The workflow of leveraging HPS for deployment of TensorFlow models is illustrated in Fig. 2.

../_images/workflow.png
Fig. 2: Workflow of deploying TF models with HPS



The steps in the workflow can be summarized as:

  • Train: The model graph should be created with native TensorFlow embedding layers (e.g., tf.nn.embedding_lookup_sparse) or model parallelism enabled SOK embedding layers (e,g., sok.DistributedEmbedding). There is no restriction on the usage of dense layers or the topology of the model graph as long as the model can be successfully trained with TensorFlow.

  • Dissect the training graph: The subgraph composided of only dense layers should be extracted from the trained graph, and then saved separately.

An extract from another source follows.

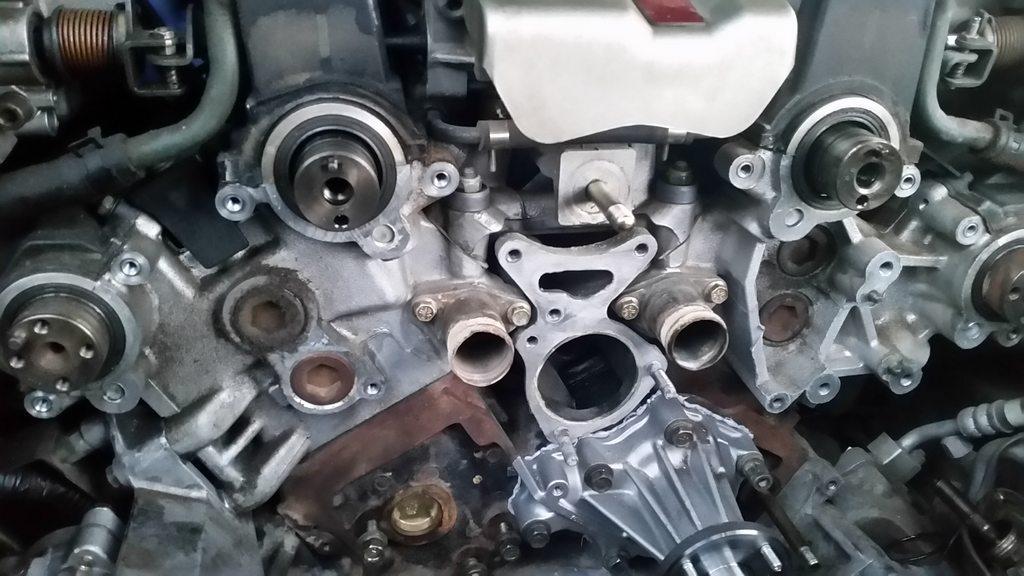 Spent the rest of Saturday putting it all back together, timing covers, gasket goo on the thermostat housings, and a bit of a general clean-up.

For native TensorFlow embedding layers, the trained embedding weights should be obtained and converted to the HPS-compatible formats. For SOK embedding layers, sok.Saver.dump_to_file can be utilized to derive the desired formats. Basically, each embedding table should be stored in a directory with two binary files, i.e., key (int64) and emb_vector (float32). For example, if there are totally 1000 trained keys and the embedding vector size is 16, then the size of key file and the emb_vector file should be 1000*8 bytes and 1000*16*4 bytes respectively.

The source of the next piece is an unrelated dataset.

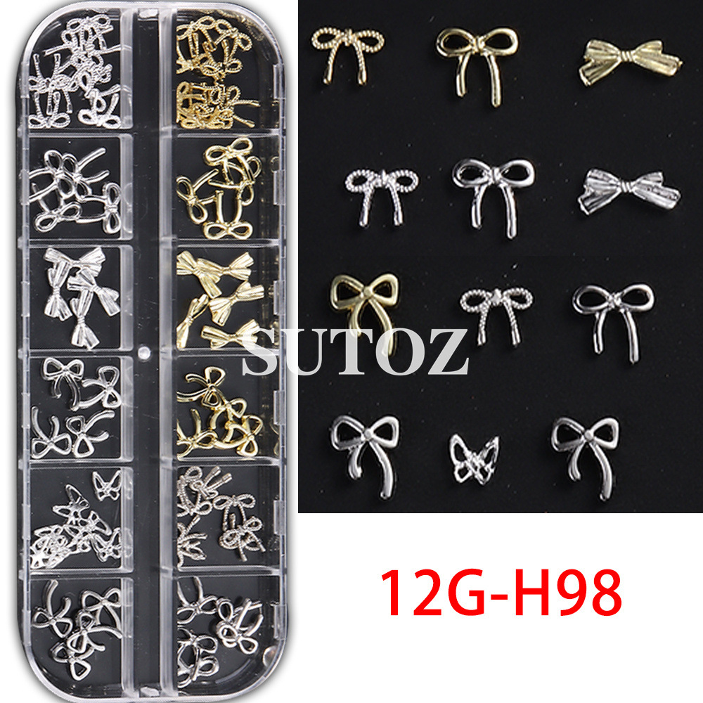 2024 국경 새로운 네일 아트 액세서리 프랑스 3 차원 금속 리벳 활 소녀 네일 아트 장식 액세서리

  • Create and save the inference graph: The inference graph should be created with HPS layers (e.g., hps.SparseLookupLayer) and the saved subgraph of dense layers. It can be then saved as a whole so as to be deployed in the production environment.

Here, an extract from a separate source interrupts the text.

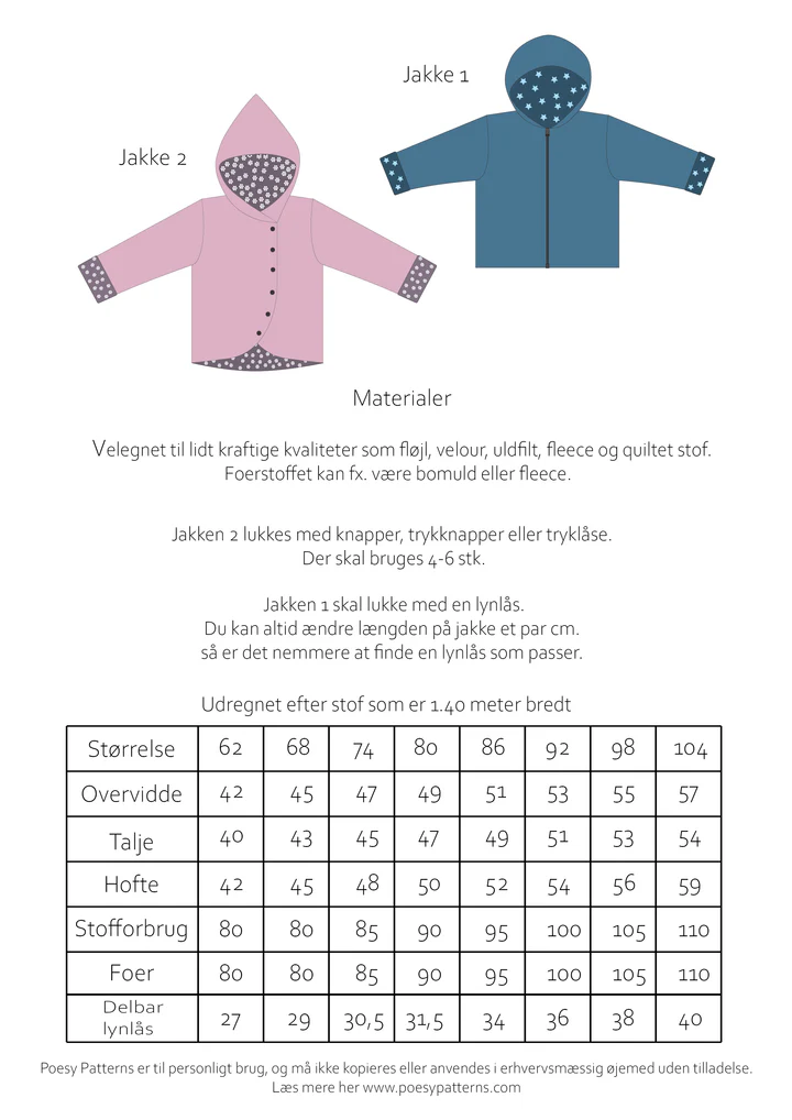 Den er både til drenge og piger og går fra størrelse 62 – 104.

  • Deploy the inference graph with HPS: The configurations for the models to be deployed should be specified in a JSON file and the HPS should be started via hps.Init before any executions. The saved inference graph can be deployed to perform online inference leveraging the benefits of the HPS embedding lookup. Please refer to HPS Configuration for more information.

Installation

Compute Capability

We support the following compute capabilities:

Compute Capability

GPU

SM

7.0

NVIDIA V100 (Volta)

70

7.5

NVIDIA T4 (Turing)

75

8.0

NVIDIA A100 (Ampere)

80

Installing HPS Using NGC Containers

All NVIDIA Merlin components are available as open source projects. However, a more convenient way to utilize these components is by using our Merlin NGC containers. These containers allow you to package your software application, libraries, dependencies, and runtime compilers in a self-contained environment. When installing HPS using NGC containers, the application environment remains portable, consistent, reproducible, and agnostic to the underlying host system’s software configuration.

HPS is included in the Merlin Docker containers that are available from the NVIDIA container repository. To use these Docker containers, you’ll first need to install the NVIDIA Container Toolkit to provide GPU support for Docker. You can use the NGC links referenced in the table above to obtain more information about how to launch and run these containers.

The following sample command pulls and starts the Merlin TensorFlow container:

# Run the container in interactive mode
$ docker run --gpus=all --rm -it --cap-add SYS_NICE nvcr.io/nvidia/merlin/merlin-tensorflow:23.02

You can check the existence of the HPS Python toolkit after launching this container:

$ python3 -c "import hierarchical_parameter_server as hps"

Example Notebooks

We provide a collection of examples as Jupyter Notebooks that cover the following topics:

  • Basic workflow of HPS deployment for TensorFlow models

  • Migrating from SOK training to HPS inference

  • Leveraging HPS to load pre-trained embeddings

Benchmark

We benchmark the DLRM TF model with HPS plugin in hps_dlrm_benchmark.md.